Гнедой конь нес его по дорожке вдоль шоссе, брякая копытами по гравию.
Рядом, то спереди, то сзади, бежал пес неизвестной породы, с длинной черной
и рыжей шерстью, узкой умной мордой, длинными лапами и пышным хвостом. Людей
им навстречу не попадалось, а машины проезжали мимо на достаточно большой
скорости, чтобы не успеть обратить на странную троицу внимания.

	Миновав стеллу, на которой некогда красовалось название Города, отмечая
его границу, конь заржал. Ветер тронул тополя, и мерзлые желтые листья со
стуком легли ему под копыта.

	Это был холодный и ветреный день. Они возвращались.

	Он никому не стал звонить. Ни друзьям, ни знакомым. Ни старой маме. Ни
бывшей жене. Позвонил он мне, под вечер, потому что помнил, что ко мне нужно
звонить перед тем, как заявиться. Такой порядок был заведен у меня еще когда
я жил у родителей, и не изменился, хотя радикально изменились причины его.
Коня он днем куда-то пристроил, и приехал с псом, часам к десяти.

	На нем оказались броские одежды, какие у нас надевают лишь по самым
торжественным случаям. Джинсы с бахромой, широкий ремень, выделанный узором
явно его собственного изобретения, длинный и толстый свитер, с успехом
заменявший куртку. Ботинки у него были совершенно замечательные и завидные,
хотя я не очень представил себе климат и поверхность, для которых они были
предназначены. На шее и на руках, а может, даже и на ногах у него были
многочисленные кожаные ремешки с приспособленными к ним деревяшками,
бусинками, камешками и раковинками, испещренные узорами, в которых самым
хитрым образом переплетались невиданные растения, зверьки и человечки, а
также глаза - невероятное количество настороженно глядящих глаз.
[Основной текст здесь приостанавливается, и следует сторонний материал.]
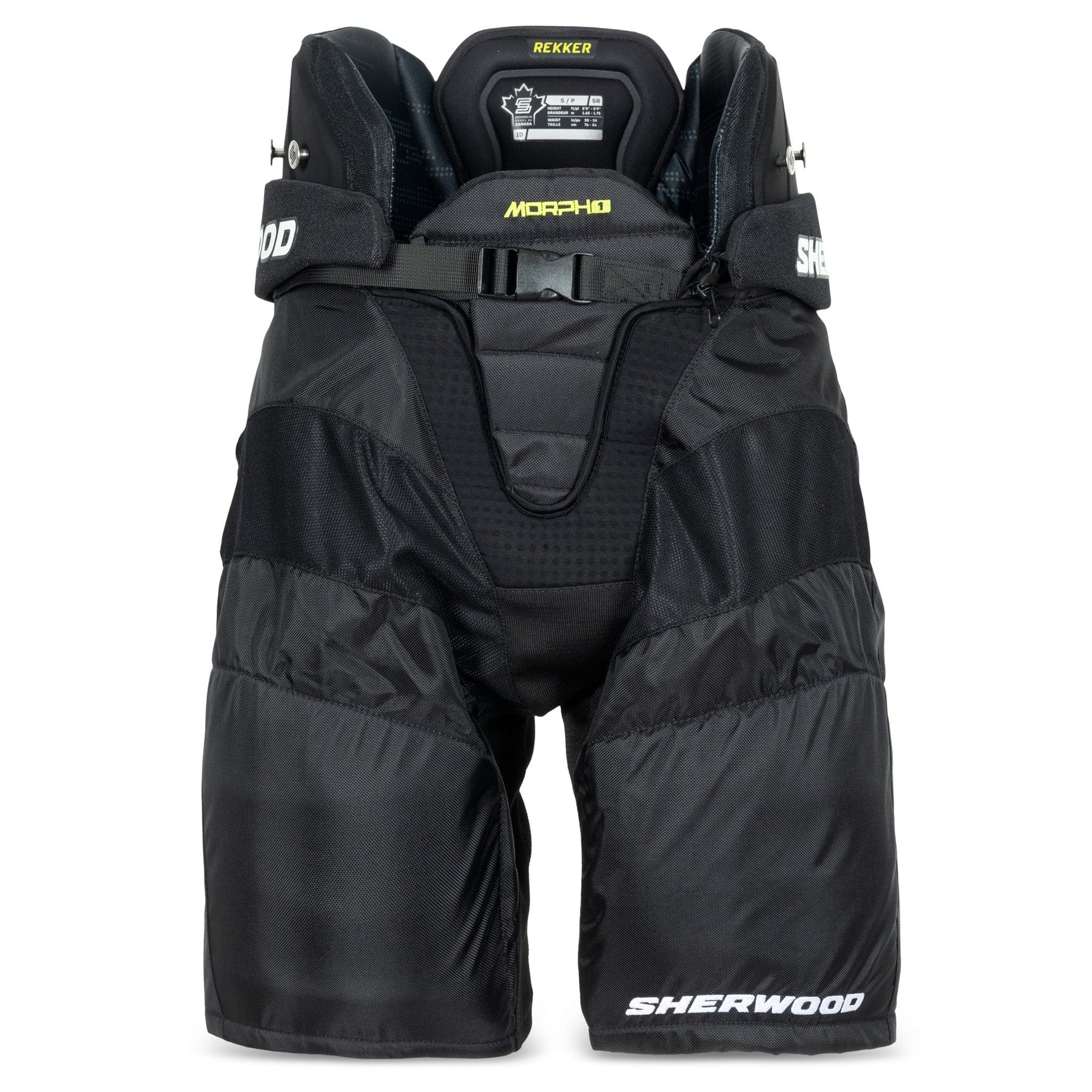 Sherwood Rekker Morph 1 성인 하키 팬츠는 검정색으로 출시되며, 사이즈는 Small, Medium, Large, Extra-Large입니다.

	Его же глаза принимали лишь два выражения: непроницаемо-внимательное,
как у его собаки, и туманно-незрячее, как у человека, находящегося в
наркотическом аутизме, или погруженного в струящиеся, непонятные и
напряженные сны. Когда он вошел, за спиной у него висел длинный лук, а на
поясе - колчан стрел, и наконечники у стрел, как я подсмотрел, когда он
уснул, были стальные, а оперение - из перьев неизвестной мне птицы. Впрочем,
я вовсе не знаток птиц.

	В тот день он заснул быстро, почти сразу, и вид у него был крайне -
даже значительно более, чем крайне - усталый. Когда он перестал ворочаться,
я встал из-за машины и постоял немного над ним. Потом запустил мэйлер,
перекурил и лег.

	За окном на фоне красновато-серого неба ветер сильно качал голые черные
ветки. Вместе с ним возвращалась очередная зима.

	Утром я ушел на работу, как уходил тогда каждый день, и так пять дней в
неделю. На работе мне не всегда удавалось думать о нем, но к концу дня я уже
не мог уверенно сказать, сколько времени я не видел его, и как давно он
вернулся. Когда я уходил, он спал сном ребенка. Я оставил ему ключ на столе,
как мы оставляли давно, когда после совместно проведенной ночи уходили в
институт порознь. Его пес проводил меня долгим внимательным взглядом.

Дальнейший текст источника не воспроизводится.